Asbestos Nation, the Environmental Working Group Action Fund campaign to create public awareness of the hazards and health risks of asbestos, said the legislation results in legal barriers purposefully created to make compensation for victims much longer and much more difficult.

According to lawmakers, there are about 60 asbestos trust funds and almost $40 billion in assets being paid out right now so people are able to obtain numerous payouts by filing different conflicting claims.

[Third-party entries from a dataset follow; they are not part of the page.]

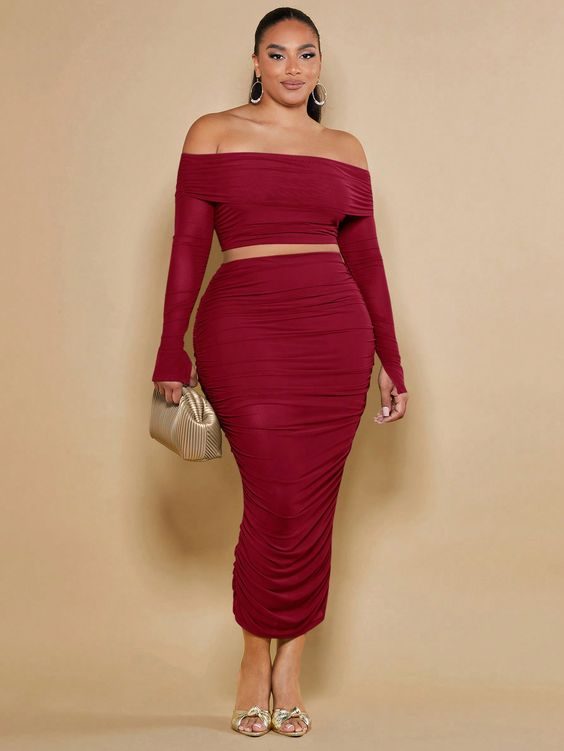 Rich earth tones bring sophistication to warm-weather fashion, and this burgundy-brown wrap skirt is no exception. A high slit introduces a touch of allure, while the matching crop top keeps the silhouette polished and modern. Whether styled with gold jewelry and strappy heels or kept relaxed with neutral flats, this outfit blends classic elegance with a sultry summer twist.
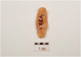 | Description / विवरण | A core made on chalcedony with three blade scars on surface, prepared platform and raw material given heat treatment. |
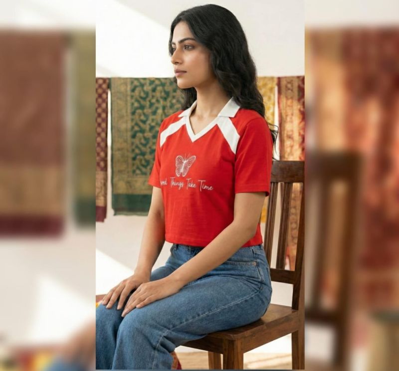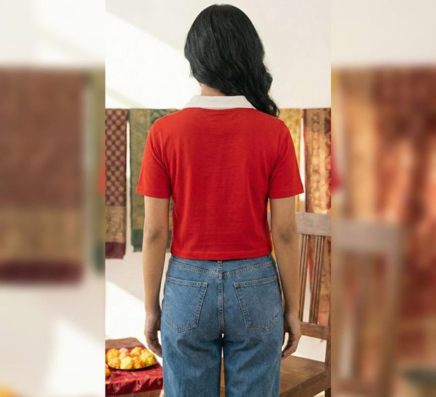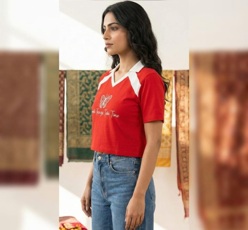 This top is a fusion of vintage sportswear and contemporary streetwear. The bold red color is grounded by the white accents, while the "Good Things Take Time" graphic adds a touch of "slow fashion" philosophy. It is typically crafted from a Cotton-Spandex blend or a Jersey fabric, providing enough stretch for comfort while maintaining a structured polo look. It pairs exceptionally well with high-waisted denim, as seen in the image, or athletic skirts.
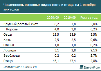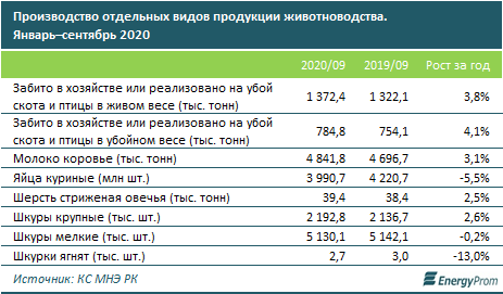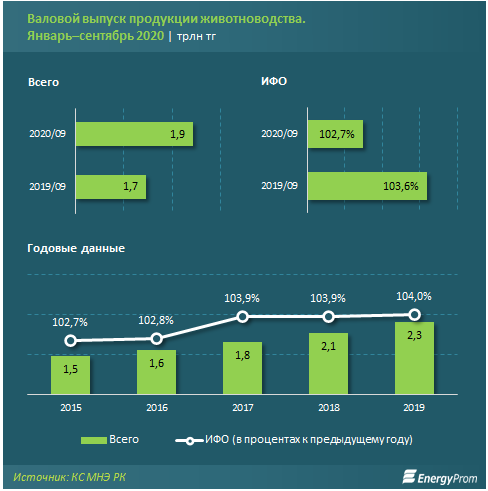 За январь–сентябрь 2020 года валовой выпуск продукции животноводства составил 1,9 трлн тг, увеличившись с учётом инфляции на 2,7% за год.

Past lawmakers have tried to stop the FACT Act claiming it obstructs justice for victims dying from asbestos diseases while giving a handout to the corporations who caused the problems in the first place.

In fact, Congress has lost one of its own to mesothelioma. The late Rep. Bruce Vento died of mesothelioma cancer in 2000 due to his previous employment as a laborer. Rep. Vento had his lung removed and was undergoing treatment at the Mayo Clinic, but still passed 14 months after his diagnosis.

According to Vento’s wife, Susan Vento, “This bill would force asbestos bankruptcy trusts to release asbestos victims’ personal information and would add additional procedural burdens that delay compensation for dying victims, meaning many victims will not live long enough to see justice served.”